My lucky guess would be that itext is far away from the crypto level,
and the handling of PKCS11 is done by the sun wrapper. So both iText and
bc are not my prominent suspects. Could you turn on some kind of logging
/ tracing at the PKSC11 level?
Greetings,
Andreas
> Hmm ok I created a java keystore and it works. But its s... Because pkcs11
> works in past with older itext and bouncy castle
>
> Am 22.03.2012 um 15:31 schrieb Andreas Kuehne:
>
>> Hi Christian,
>>
>> now I see! I didn't came across any CryptoVision stuff, yet . But my
>> standard approach would be to check whether your installation signs
>> using another tools using the PKCS11 interface. Can you check that?
>>
>> Greetings
>>
>> Andreas
>>> Hey,
>>>
>>> thanks for replying
>>>
>>> It is an external library. I load it with the following lines:
>>>
>>> String configName = "/Users/christian/pkcs11.cfg";
>>> Provider p = new sun.security.pkcs11.SunPKCS11(configName);
>>> Security.addProvider(p);
>>>
>>> KeyStore ks = KeyStore.getInstance("pkcs11");
>>> ks.load(null, "password".toCharArray());
>>>
>>> And the content from .cfg-file is the following:
>>>
>>> library = /usr/local/lib/libcvP11.dylib
>>> name = CryptoVision
>>>
>>>
>>> Am 22.03.2012 um 13:59 schrieb Andreas Kuehne:
>>>
>>>> Hi Christian,
>>>>
>>>> can you give a little more information about the PKCS11 lib you are using?
>>>> As far as I can see from the log that the PKCS11wrapper detected a
>>>> problem. But that's quite generic ...
>>>>
>>>> Greetings
>>>>
>>>> Andreas
>>>>> Hey @all,
>>>>>
>>>>> I tried the example "How to sign with an external signature and a
>>>>> standard filter" from http://itextpdf.sourceforge.net/howtosign.html with
>>>>> itext 5.2.0, bouncy castle 1.46 and a pkcs11 token.
>>>>> Every time I get the following exception:
>>>>>
>>>>> Exception in thread "main" java.security.ProviderException:
>>>>> sun.security.pkcs11.wrapper.PKCS11Exception: CKR_FUNCTION_FAILED
>>>>> at sun.security.pkcs11.P11Signature.engineSign(P11Signature.java:531)
>>>>> at java.security.Signature$Delegate.engineSign(Signature.java:1128)

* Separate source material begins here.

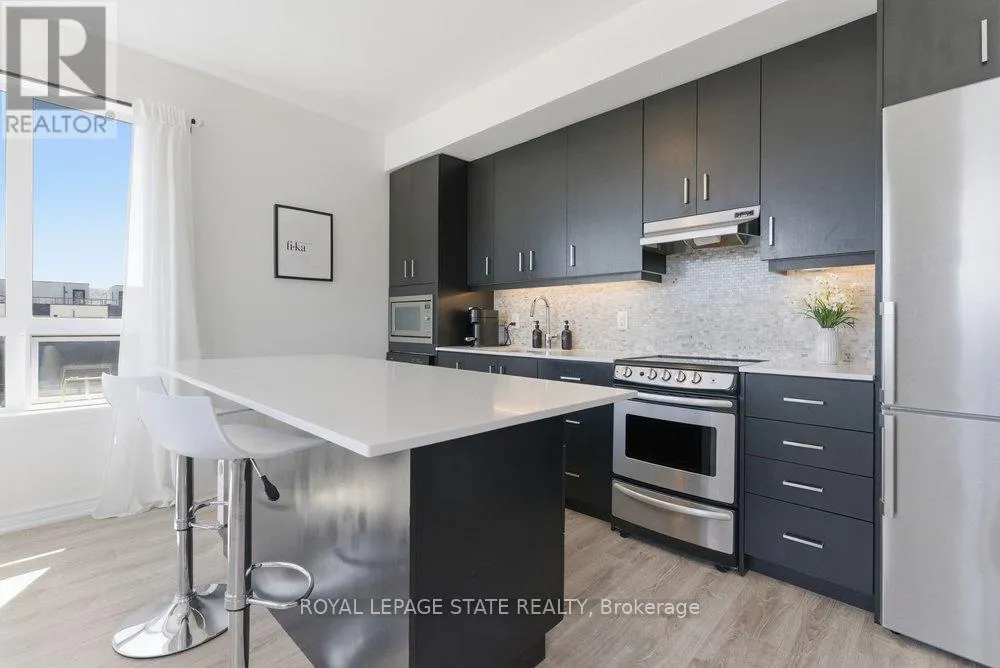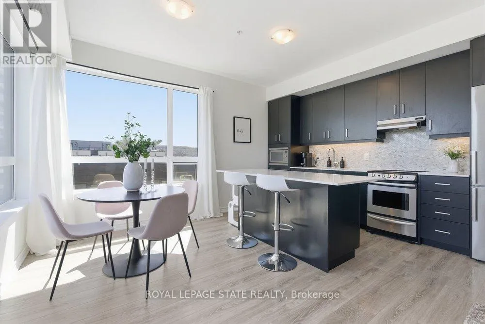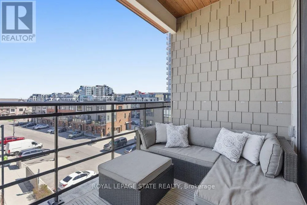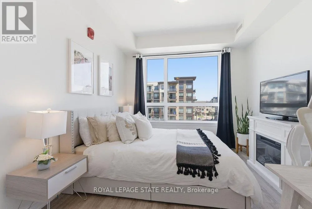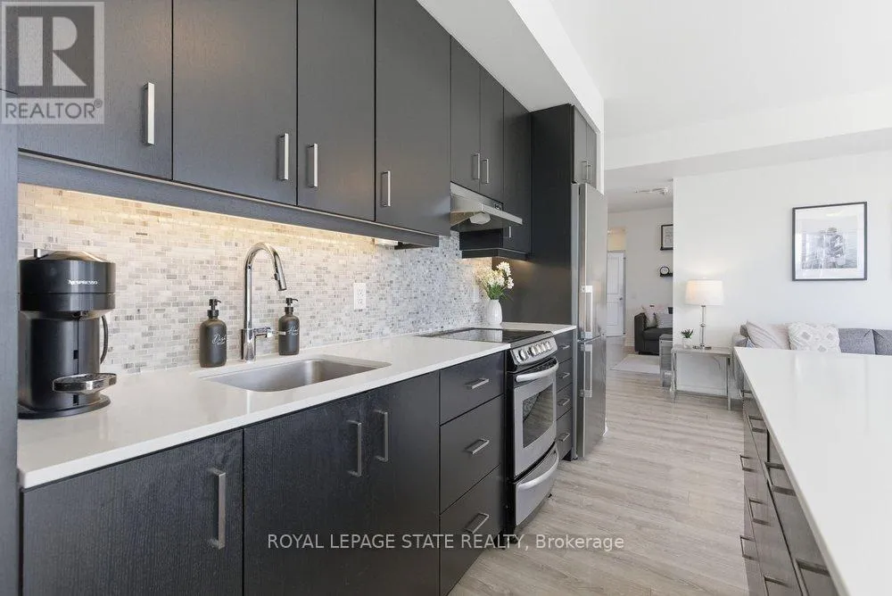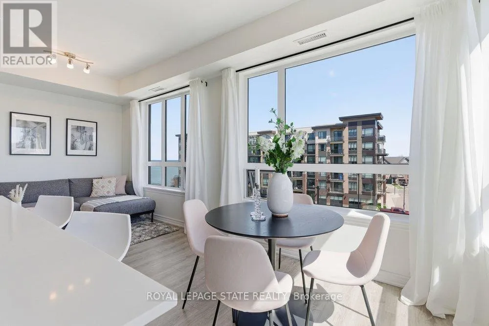 Welcome to Unit 406 at beautiful Lake House condo in the heart of Grimsby-On-The-Lake, offering the perfect blend of modern living and waterfront lifestyle. This bright, open-concept suite features a stylish kitchen with quartz countertops, sleek cabinetry, stainless steel appliances, and a large island with seating, seamlessly flowing into the living and dining areas. Expansive windows fill the space with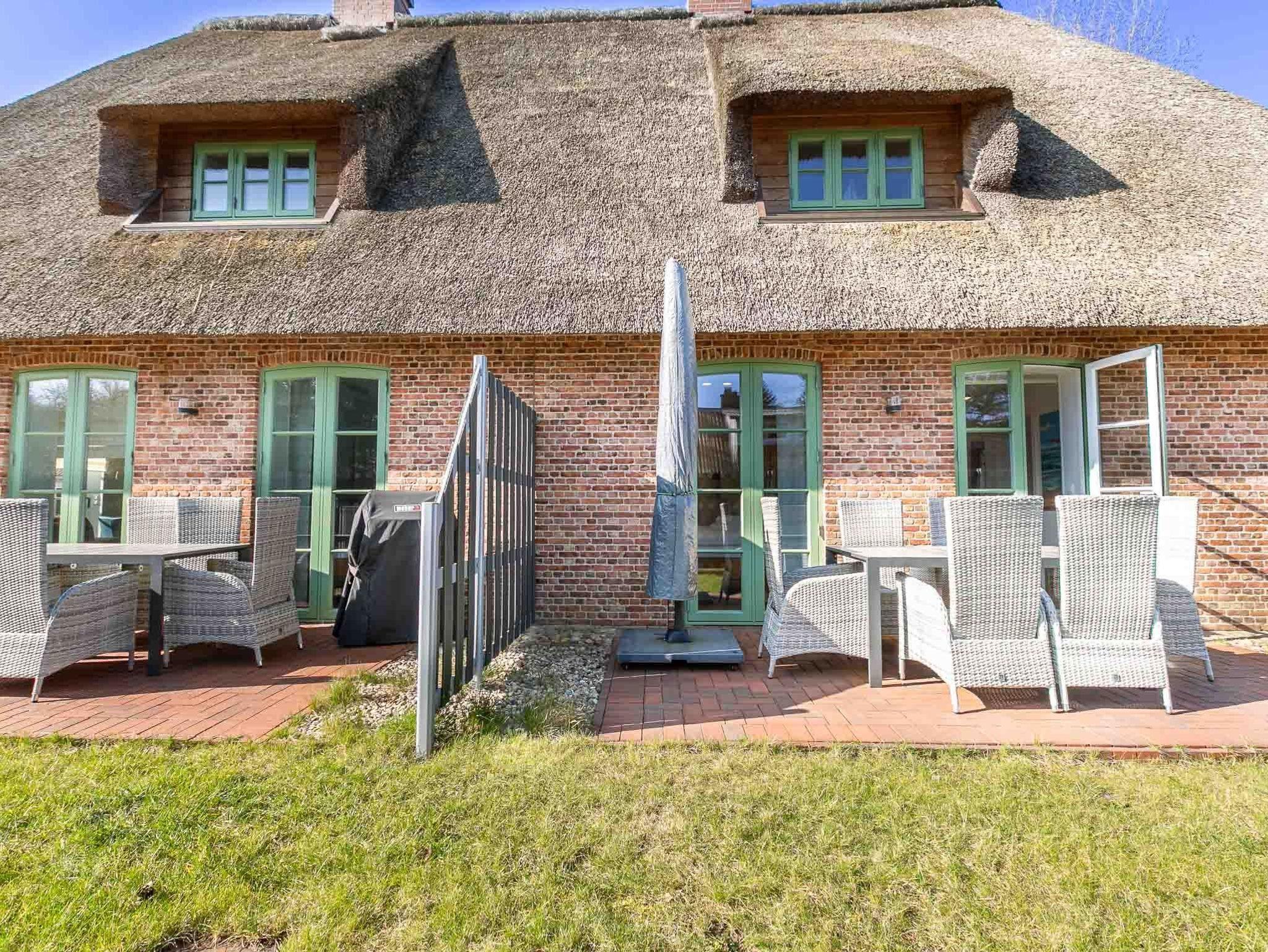 Exklusive Ferienhaushälfte unter Reet in St. Peter-Ording, zentral und deichnah mit Terrasse und moderner Ausstattung.

>>>>> at java.security.Signature.sign(Signature.java:522)
>>>>> at com.itextpdf.text.pdf.PdfPKCS7.getEncodedPKCS1(PdfPKCS7.java:1210)
>>>>> at
>>>>> com.itextpdf.text.pdf.PdfSigGenericPKCS.setSignInfo(PdfSigGenericPKCS.java:113)
>>>>> at
>>>>> com.itextpdf.text.pdf.PdfSignatureAppearance.preClose(PdfSignatureAppearance.java:974)
>>>>> at
>>>>> com.itextpdf.text.pdf.PdfSignatureAppearance.preClose(PdfSignatureAppearance.java:897)
>>>>> at christianTest.ExternalHash.main(ExternalHash.java:45)
>>>>> at sun.reflect.NativeMethodAccessorImpl.invoke0(Native Method)
>>>>> at
>>>>> sun.reflect.NativeMethodAccessorImpl.invoke(NativeMethodAccessorImpl.java:39)
>>>>> at
>>>>> sun.reflect.DelegatingMethodAccessorImpl.invoke(DelegatingMethodAccessorImpl.java:25)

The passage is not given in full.